Want to buy in bulk.


----------



## Karen (Apr 17, 2002)

There is no such thing. Since all bees travel between one to five miles every day (which covers roughly between 2,000 and 32,000 acres) collecting pollen (they don't just hang out near the hives), they will also be collecting pollen from a whole variety of plants off the site of organic plants that are on the hive owners property. 

That's also why there is no such thing as totally one type of honey. Clover, orange blossom, etc. contains other plants as well.


----------



## Peggy (Feb 14, 2010)

motdaugrnds said:


> ...... that bees created from unsprayed flowers.
> 
> Want to buy in bulk.


good luck with finding that!!!! like Karen said no such thing!


----------



## xbeeman412 (May 10, 2002)

I have bees on a 900 acre ranch that doesent spray pestacides. How Much do You want? I will have about 6000 pounds for sale in a month or so. It will be available for local pickup in Santa fe tx I wont ship. All I do is sell in 55 gallon drums.


----------



## thequeensblessing (Mar 30, 2003)

xbeeman412 said:


> I have bees on a 900 acre ranch that doesent spray pestacides. How Much do You want? I will have about 6000 pounds for sale in a month or so. It will be available for local pickup in Santa fe tx I wont ship. All I do is sell in 55 gallon drums.


You'd need a lot more than 900 acres to be sure those bees aren't getting any nectar/pollen from sprayed flowers.


----------



## motdaugrnds (Jul 3, 2002)

Xbeeman, I would purchase some of your honey if I could; however, I'm just too far away. (Also, I think your keeping pesticides off your acreage does a lot more than some would want to acknowledge to keep your honey healthy. It would be quite silly to expect bees did not gather nectar from however far they travel; so in that sense, there is no way to guarantee some type of chemical has not made its way to your hives. And I don't believe you or any beekeeper expects perfection.)

I am thinking now my ignorance about terminology has permitted this thread to be turned more into something some folks simply want to poke fun about; so I'm not going to return to it again.


----------



## copperkid3 (Mar 18, 2005)

Don't go away in a huff . . . as far as I could see, there was no ignorance

displayed in your question or terminology . . . and the answers (for the most

part) didn't appear to be laughter at your expense . . . more of a clarification

of the facts that we do know about the honeybee's habits.
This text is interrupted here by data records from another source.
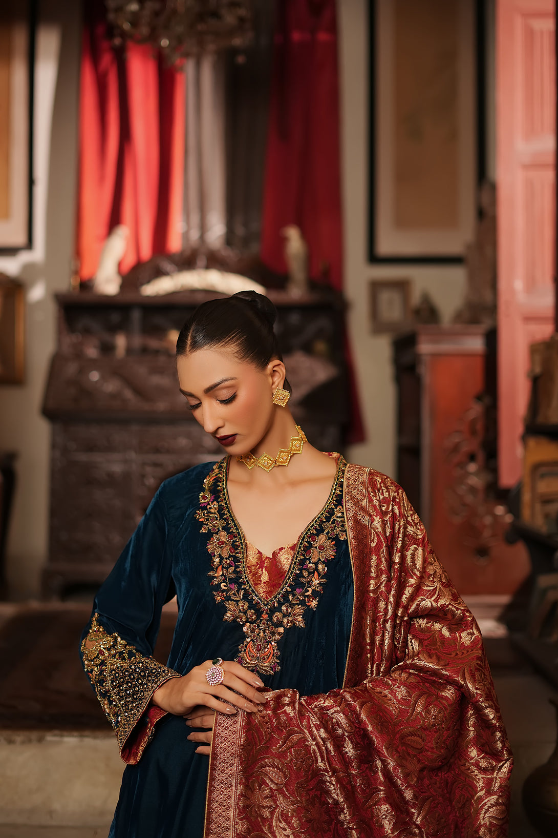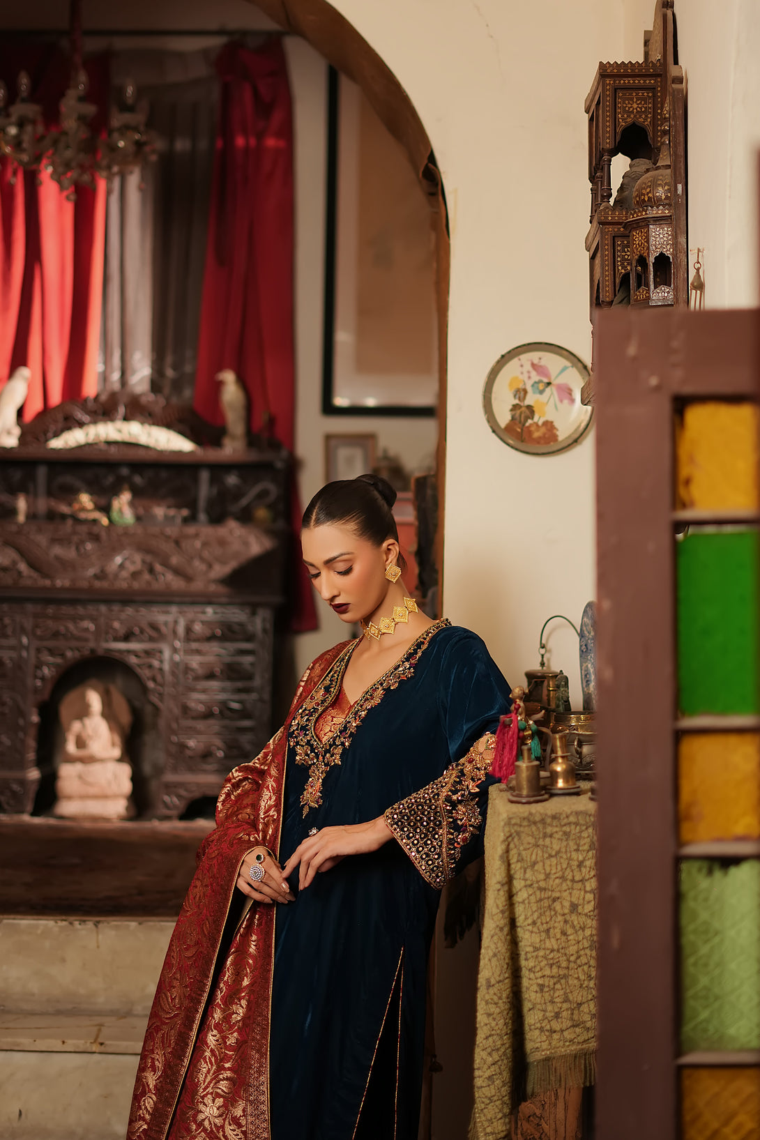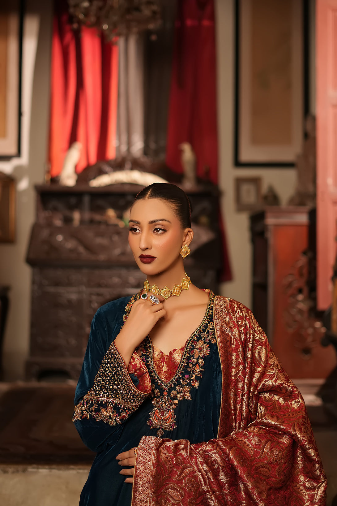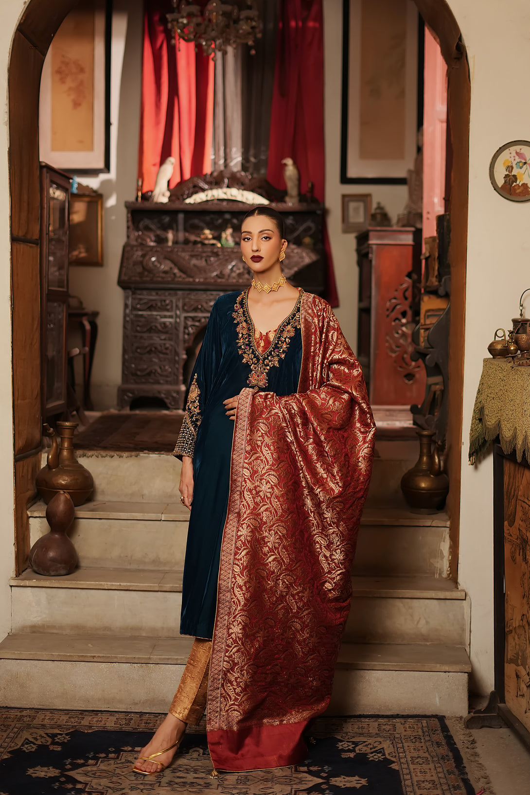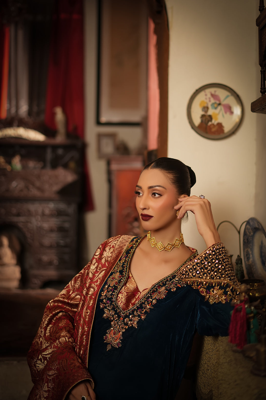 A beautiful and luxurious teal velvet ensemble, entirely handcrafted with exquisite zardozi, sequins, beads, and resham work. Paired with gold jamavar pants and a maroon jamavar blouse, this look exudes timeless elegance and regal charm.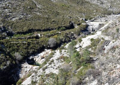 1. En la cabecera del río, donde comienzan las lagunas, hay una represa para captar el agua para una central hidroeléctrica que no está integrada en la naturaleza de la zona, al igual que la que mencione anteriormente.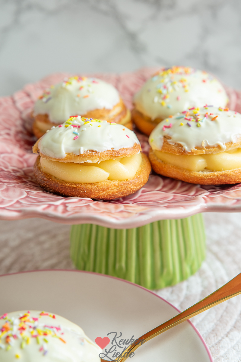 Ik heb gekozen voor een vulling van gele room. Tijdens het maken van de broodjes dacht ik eraan dat het ook lekker zou zijn om bovenop de gele room wat plakjes aardbei te leggen.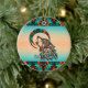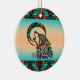 Personalize este Enfeites de natal Tribal Wolf "Um dos Tipos"! Ela apresenta um lobo tribal a vomitar na lua num fundo de turquesa e laranja... cercado por Turquesa, Laranja e Fronteiras Negras! Design De Arte Original Pelo Artista Kerry Miller.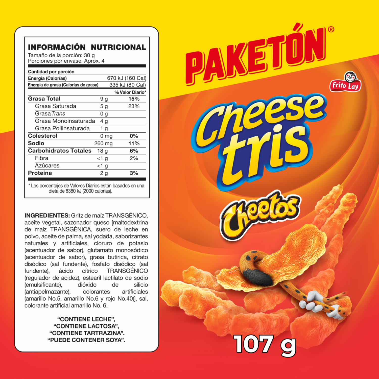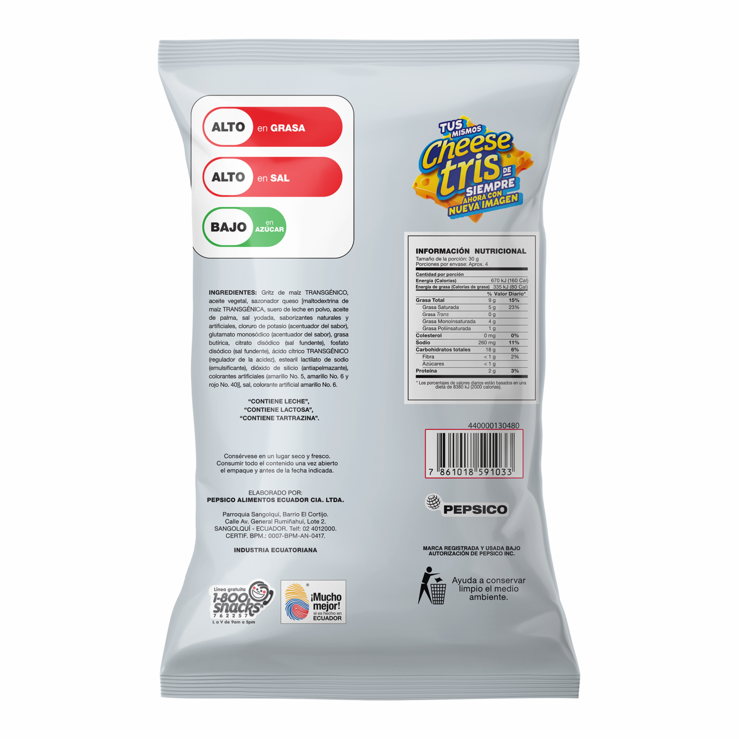 - Déjate conquistar por el delicioso sabor de los Bocaditos de Maíz Sabor a Queso CHEESE TRIS en su presentación de 107 g. Estos irresistibles bocaditos combinan la crujiente textura del maíz con el rico y auténtico sabor a queso, creando un snack perfecto para disfrutar en cualquier ocasión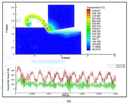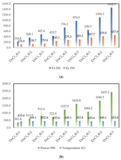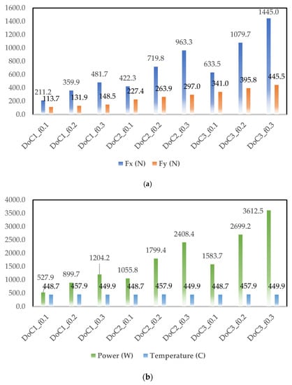 Based on the simulation results, cutting force components (Fx and Fy), power, and cutting temperature are plotted in Figure 5, Figure 6 and Figure 7. As observed in Figure 3, Figure 4, Figure 5 and Figure 6, at different cutting speeds ranging from 50–150 m/min it can be seen that cutting forces and power increased with the increase in the feed rate and depth of cut (DoC). However, cutting temperature fluctuation was in the range of 30–40 °C.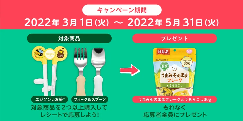 「エジソンのお箸(R)」または「フォーク&スプーン」(ステンレス製※ケース付き含む)を2つ以上購入したレシートを指定の応募方法(WEB/郵送)で申し込むだけ。ご応募いただいた全員にもれなく「うまみそのままフレーク とうもろこし30g」が当たる!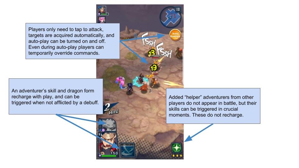 Players acquire adventurers from events and the gacha system, ranging from 3-5 stars in rarity. Adventurers have one of five elements (wind, fire, water, dark and light), and can each be equipped with a weapon, a Wyrmprint (essentially an upgradable ability) and a dragon form into which they can morph during battle.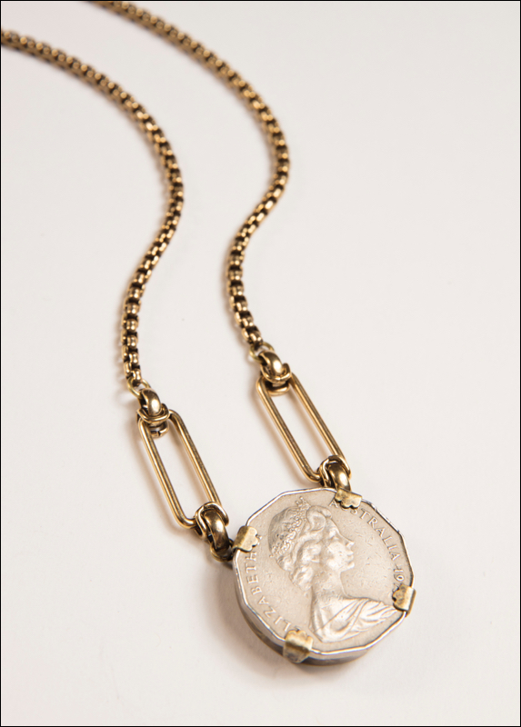 Vintage Australian 50 Cent Coin / Plated Gold Bronze Chain / 16.5-20" Length.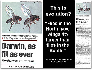 Then they say: “Evolution is as fit as ever. The fruit flies in the North have wings 4% larger than flies in the South.” Well, that proves something to somebody somewhere, I'm sure. But it's still a fly, ok. |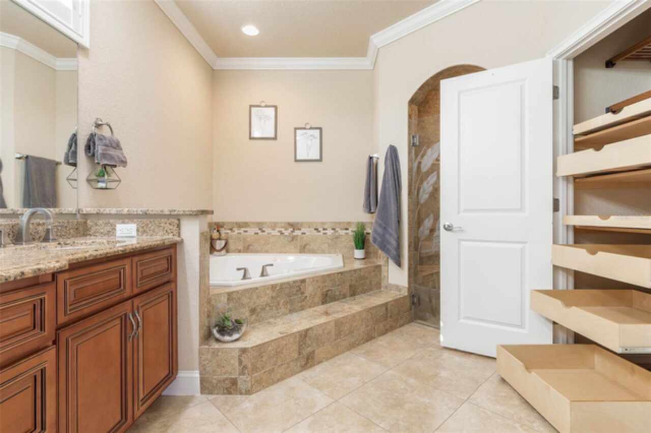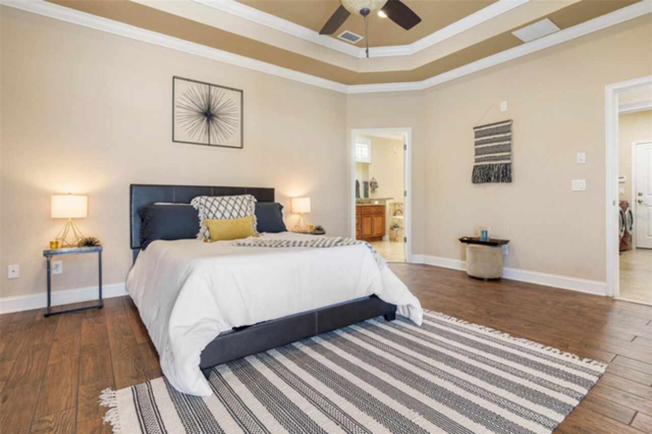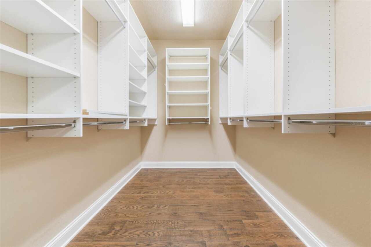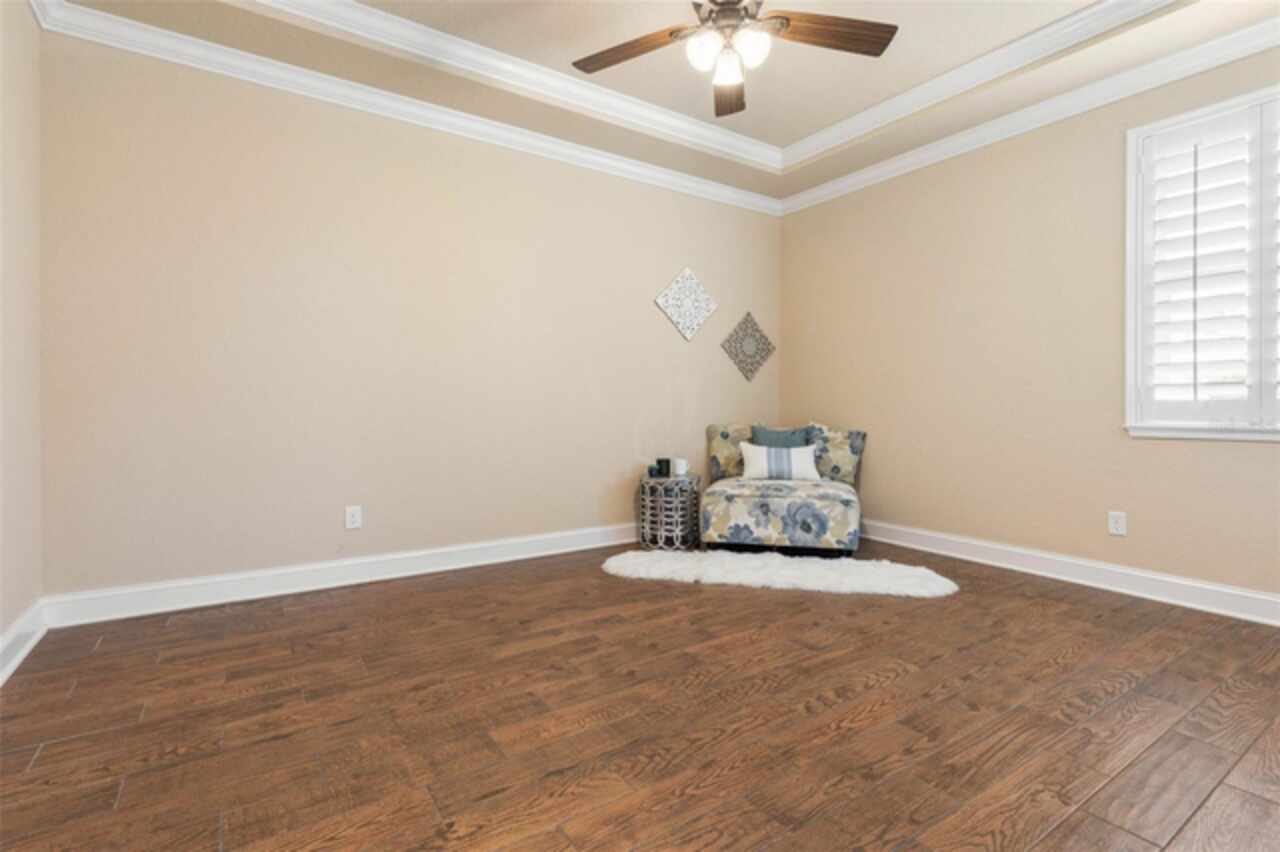 Attic Fan, Attic Ventilator, Ceiling Fans(s), Coffered Ceiling(s), Crown Molding, Eat-in Kitchen, High Ceilings, Kitchen/Family Room Combo, L Dining, Master Bedroom Main Floor, Open Floorplan, Solid Wood Cabinets, Split Bedroom, Stone Counters, Thermostat, Tray Ceiling(s), Walk-In Closet(s), Window Treatments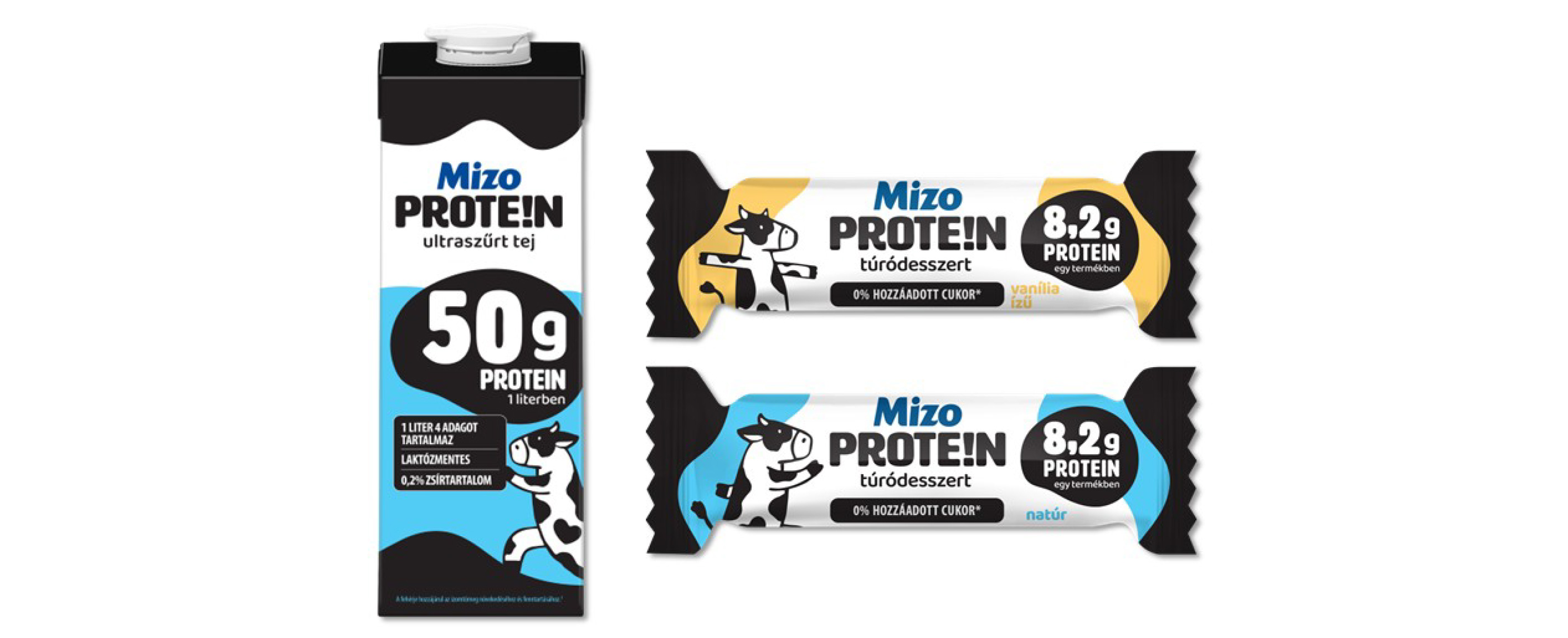 A Mizo PROTE!N ultraszűrt tej (1 l) és a Mizo PROTE!N túródesszertek (natúr és vaníliás, 51 g) a fehérjebevitel egyszerű és élvezetes formáját kínálják a tudatos fogyasztók számára.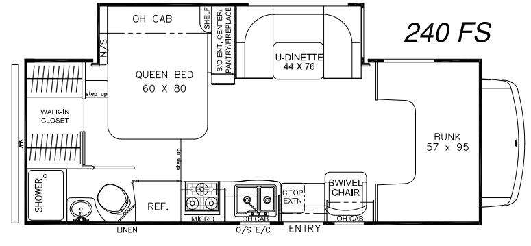 Enter along the passenger side just forward of mid-coach and find a swivel chair to your right. There is a 57" x 95" bunk above the cab area for added sleeping space. Straight ahead through the entry door find more seating at the slide out U-shaped dinette. Besides the dinette this slide also features a slide out (towards the interior) entertainment center including a pantry and fireplace to enjoy.
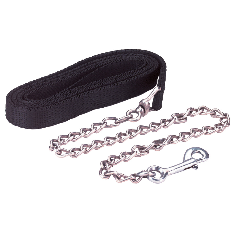 Hervorragend verarbeiteter Führstrick, doppelt vernäht; Länge 2,50 mFarbe: schwarzKettenteil: 50 cm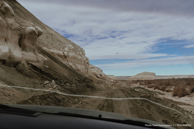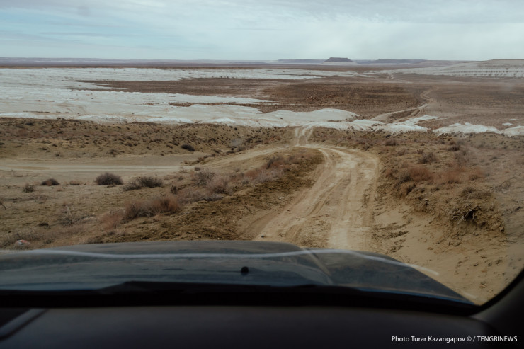 Мы хотели отправиться к, так скажем, модной горе сразу же. Но знающие люди, которые не раз объезжали урочище на внедорожнике, предостерегли нас: в той местности прошел дождь и машина может просто не пройти. Поэтому нам пришлось провести два дня в Жанаозене, чтобы дождаться идеальных условий (подробнее о том, как живут люди в Жанаозене, читайте в одном из следующих репортажей).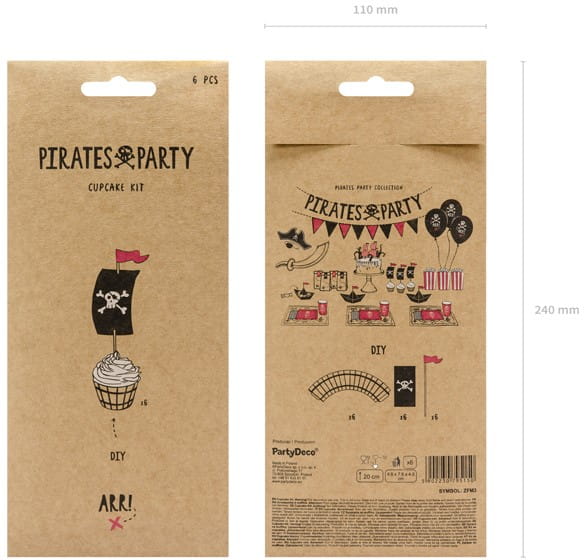 Zestaw do muffinek Piraci (1 op. / 6 szt.). Produkt dekoracyjny wysokiej jakości, idealny na przyjęcia, uroczystości i eventy.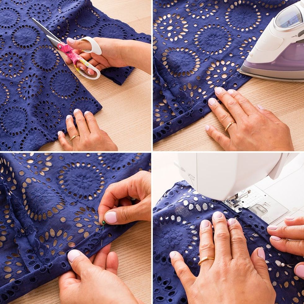 Take an old pair of shorts to the next level by adding some cute eyelet trim. Cut a piece that’s an inch longer than the circumference of the shorts leg. Create a seam at the top by folding over the edge and press. Pin to the edge of the shorts and sew.

I mentioned previously

"for the most part" because karen needs to be corrected on a portion of her

explanation; if only for accuracy's sake. Not ALL honeybees will be out foraging

or "traveling" everyday from one to five miles. Neither the queen nor the drones

do any of the "physical" work involved in collecting/processing nectar or 

finding/collecting/storing/feeding pollen to the rest of the hive. And if we really

wanted to a be stickler for "facts" and details, then we could also point out that

she incorrect as to how far a 'worker' will actually go to bring back nectar to

the colony. There was a well-documented study done back in the late 20's,

which showed that bees would go as far as 7 miles in search for a food source!

However of equal note, it was found that there was a point of "diminishing returns",

once the 4 mile point was exceeded. 

Read more at this link: http://www.beesource.com/point-of-view/joe-traynor/how-far-do-bees-fly-one-mile-two-seven-and-why/

In conclusion, there has been more written on the study of the honeybee than any

other animal that mankind has either tried to manage or kept for domestic purposes.

And we are then led to the understanding, that the more we discover about these

amazing insects, the more we realize how much we still don't know about them.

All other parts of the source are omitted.